Tarawera Ultramarathon

Tarawera Ultramarathon Short Documentary

We have just wrapped up our third year of producing the official mini-documentary for the Vibram Tarawera Ultramarathon. Our involvement started in 2012 with a single camera and two-time event winner Kerry Suter helping out behind the scenes.
It was a crazy week. We caught up with Anton Krupicka, we interviewed numerous elite world-class athletes, and I was even brave enough to hang out of the side of a helicopter to shoot some stunning aerial footage around the Rotorua region.

In 2013 we teamed up with Aaron Smart from Smart As Productions. Aaron has a lot of experience shooting live action events, and he was a great addition to the team. Unfortunately due to fire-risk from a severe drought, the last 40km of the course was closed and the race couldn't make it to the planned finish in Kawerau. Instead, the course turned back on itself at the 60km mark, and finished near the start at Lake Okareka.
It was a stunning day despite the difficulties, and we think the video that we produced really captures the essence of such a fantastic event.
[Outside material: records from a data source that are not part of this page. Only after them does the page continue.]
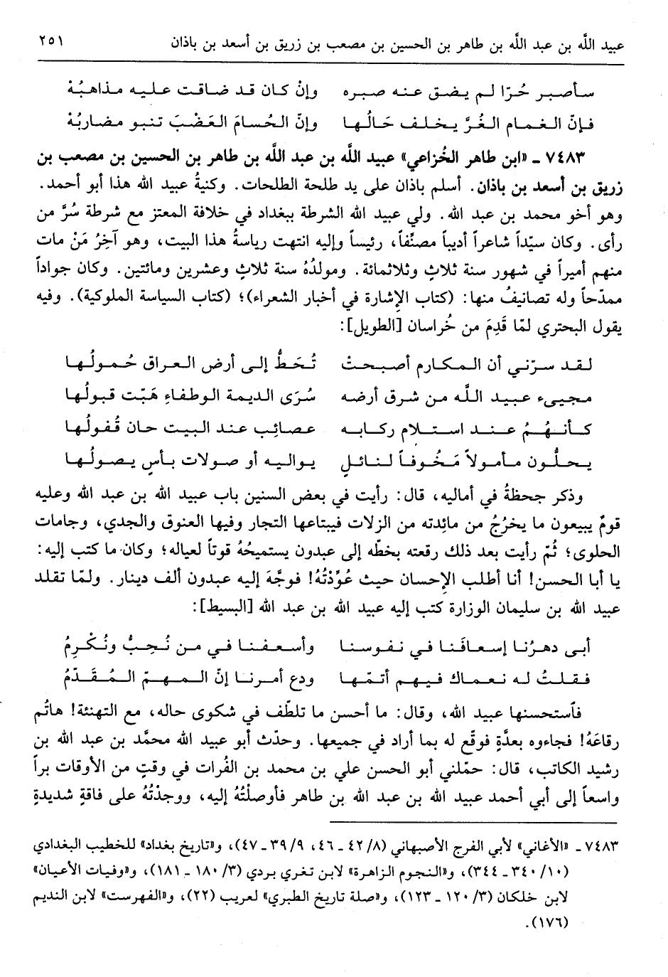 عبيد الله بن عبد الله بن طَاهِر بن الْحُسَيْن بن مُصعب بن زُرَيْق بن أسعد ابْن باذان أسلم باذان على يَد طَلْحَة الطلحات وكنية عبيد الله هَذَا أَبُو أَحْمد وَهُوَ أَخُو مُحَمَّد بن عبد الله ولي عبيد الله الشرطة بِبَغْدَاد فِي خلَافَة المعتز مَعَ شرطة سر من رأى وَكَانَ سيداً شَاعِرًا أديباً مصنفاُ رَئِيسا وَإِلَيْهِ انْتَهَت رياسة هَذَا الْبَيْت وَهُوَ آخر من مَاتَ مِنْهُم أَمِيرا فِي شهور سنة ثَلَاث وَثَلَاث ماية ومولده سنة ثَلَاث وَعشْرين ومايتين وَكَانَ جواداً ممدحاً وَله تصانيف مِنْهَا كتاب الْإِشَارَة فِي أَخْبَار الشُّعَرَاء كتاب السياسة الملوكية وَفِيه يَقُول البحتري لما قدم من خُرَاسَان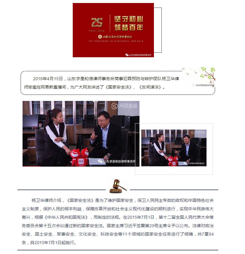 山东求是和信律师事务所杨卫华律师受邀在网易直播公易课宣讲国家安全法知识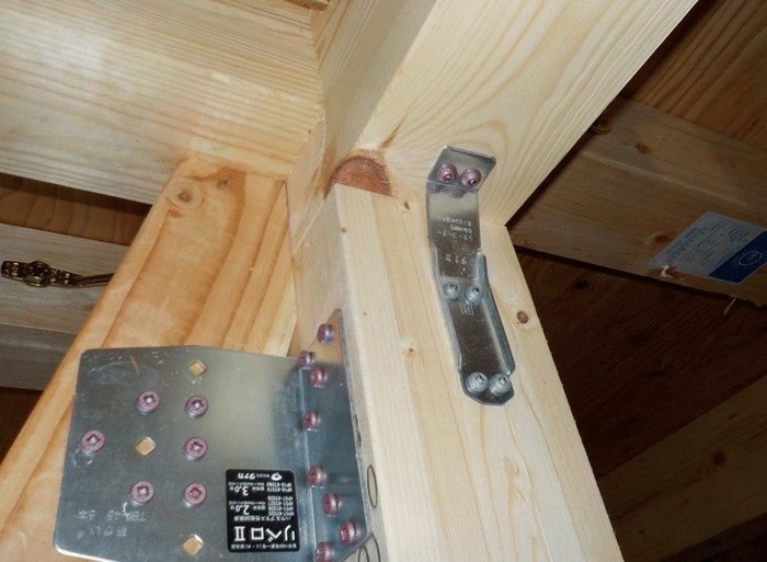 あるべき場所に金物が取り付けられていないというケースがよく見られました。前述の熊本地震で倒壊した木造住宅のほとんどの原因がこの金物に関するケースでした。構造部分に金物の不備があると当然ながら耐震性は弱まり、倒壊する危険性は高まります。写真①では柱と梁の接合部分に金物が取り付けられておらず、当社の指摘を受けて写真②のように工事現場で改善されました。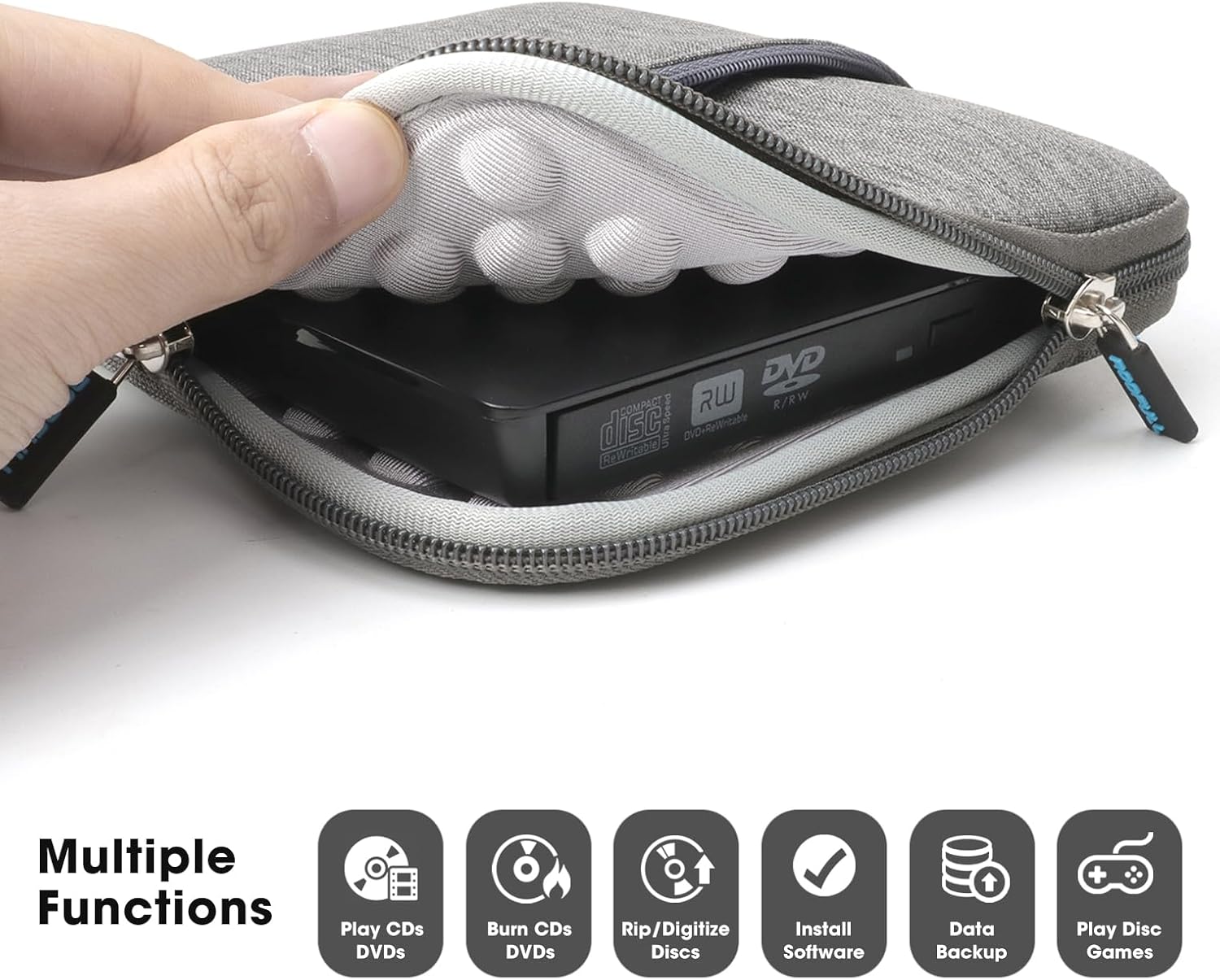 【Slim and Portable DVD Player】This slim external optical player is designed to be compact and portable, making it easy to take with you wherever you go (home, office, or on the go). It comes with a thicker protective storage carrying case sleeve that ensures your device is protected from dust, water, and drops. It's also a good idea as a gift to hobbyists who collect CDs and DVDs.【Package Contain】1* Multifunction CD/DVD drive + 1* USB 3.0 & USB-C Data Cable + 1* USB to 2.5mm Power Supply Cord + 1* User Manual + 1* Protective Carrying Case + 1* SD to micro-SD card adapter. (Note: The other accessories shown in the pictures are for functional demonstration only and are not included)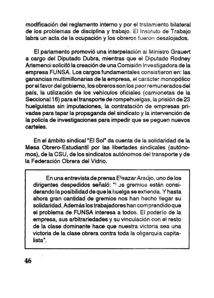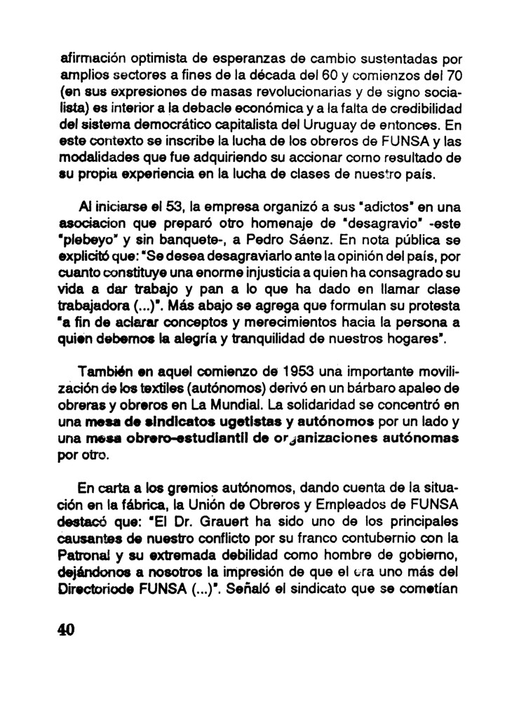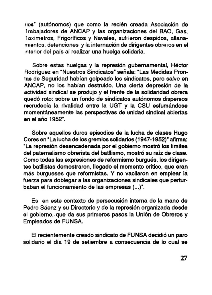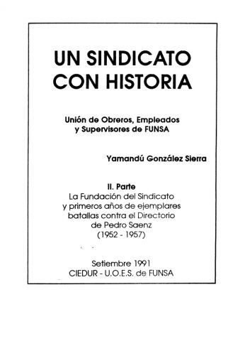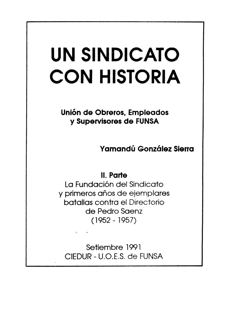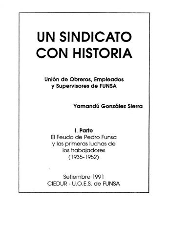 Autoria Yamandú González Sierra Mes 9 Año 1991 Tipo de material Librillo Dimensión 94 pags. Colección Sindicato de FUNSA (UOESF) Origen Colección Fernando de León Colección Fernando de León Publicacion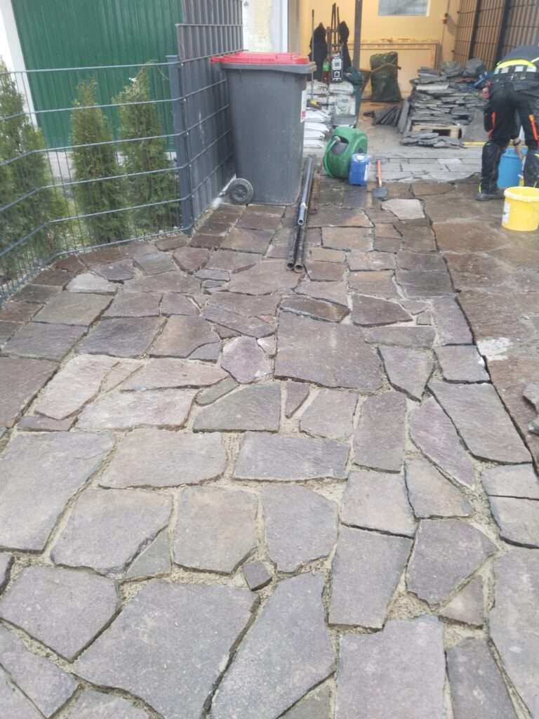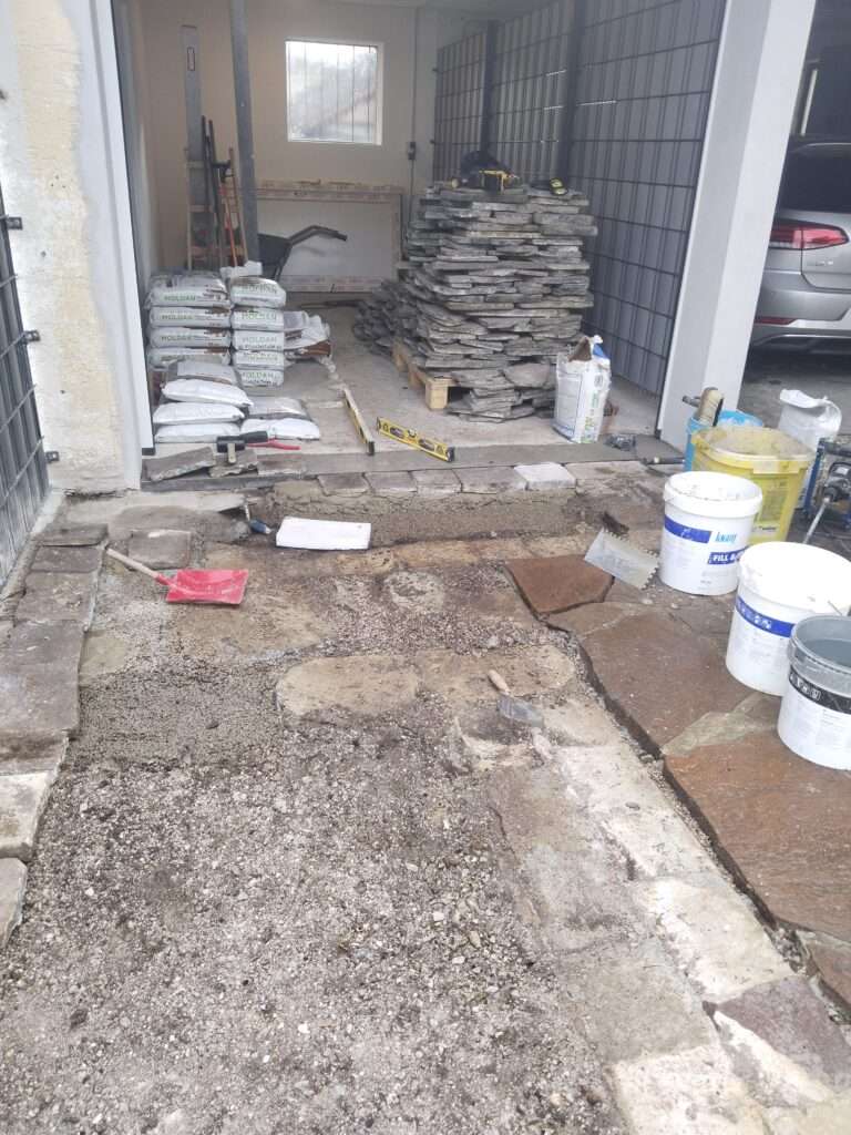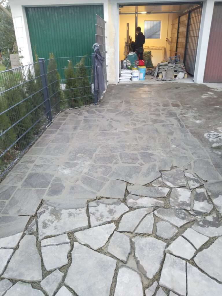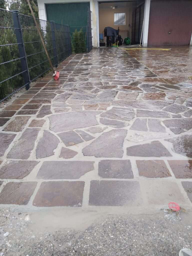 In Neu-Anif haben wir die Garageneinfahrt umfassend renoviert: Zunächst wurde der Bereich abgegraben und der Unterbau sorgfältig befestigt. Anschließend verlegten wir die Natursteine nass in nass, indem wir Trockenbeton und Fliesenkleber kombinierten. Die Fugen wurden präzise mit Fugenmörtel verfugt und die gesamte Fläche gründlich gewaschen, um ein makelloses Finish zu erzielen.
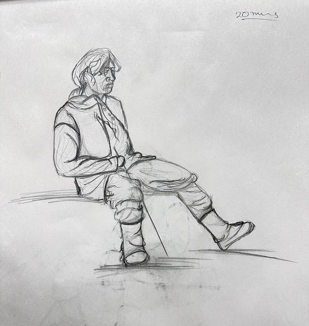 A model wearing a costume taught me how to draw the cloth and more importantly, how to make it flow and drape around a body: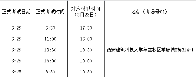 雁塔校区模拟考试具体安排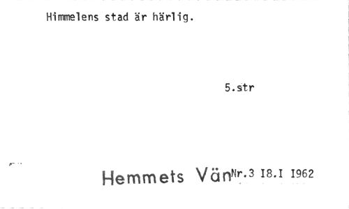 //// Himmelens stad är härlig. //// 5.str //// Hemmets Vän Nr.3 18.1 1962 ////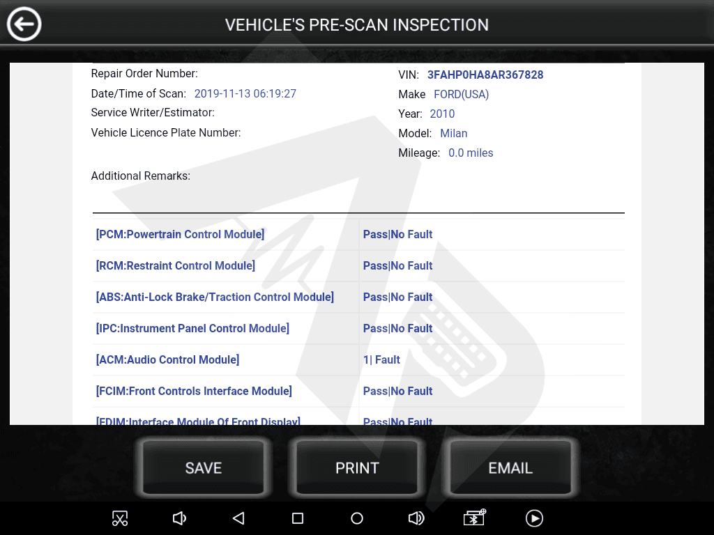 • Auto-scan all modules to display codes on screen. Quickly erase codes in all systems with one click.

In 2014, the Tarawera Ultramarathon became part of the Ultra-Trail World tour, which puts it on par with the top 10 ultramarathons in the world. We decided that in order to capture the scale of such a massive, world-class event, we needed to step up our game.
A 6 camera crew was formed, including a dedicated drone operator to capture aerial video. We arrived in Rotorua 4 days before the race, ready for an action-packed 5 day shoot. Some of the scheduled events included a fun run, the race registration and even an official Maori greeting at the famous Te Puia cultural centre.

In the week leading up to the race, the weather forecast wasn't looking promising. At 7pm on the Friday night before the race, it was announced that the course would be shortened from 100km to 73km due to the inevitable arrival of a cyclone. For safety reasons, a large part of the forest that the course ran through was being closed.

After months of pre-production and planning, this really threw a spanner in the works for the film crews, the race organisers and the athletes. Months of our planning was thrown out, and we spent the remainder of the night piecing together a new plan for race day.

To everyone's surprise, race day arrived to reasonably clear skies. We managed to shoot some stunning footage at race start and around Blue Lake with just some mild drizzle getting in the way. It wasn't until mid-day that Cyclone Lusi really arrived. But thanks to wet-weather protection for our cameras, we made it through the day with no major technical difficulties.

Overall, it was a very successful shoot. We feel privileged to be involved with such a great event. The event organisers were faced with more than their fair share of challenges, but still managed to pull off a fantastic race, Hopefully we'll be back next year, hopefully the sun will be out, and hopefully we'll make it to Kawerau!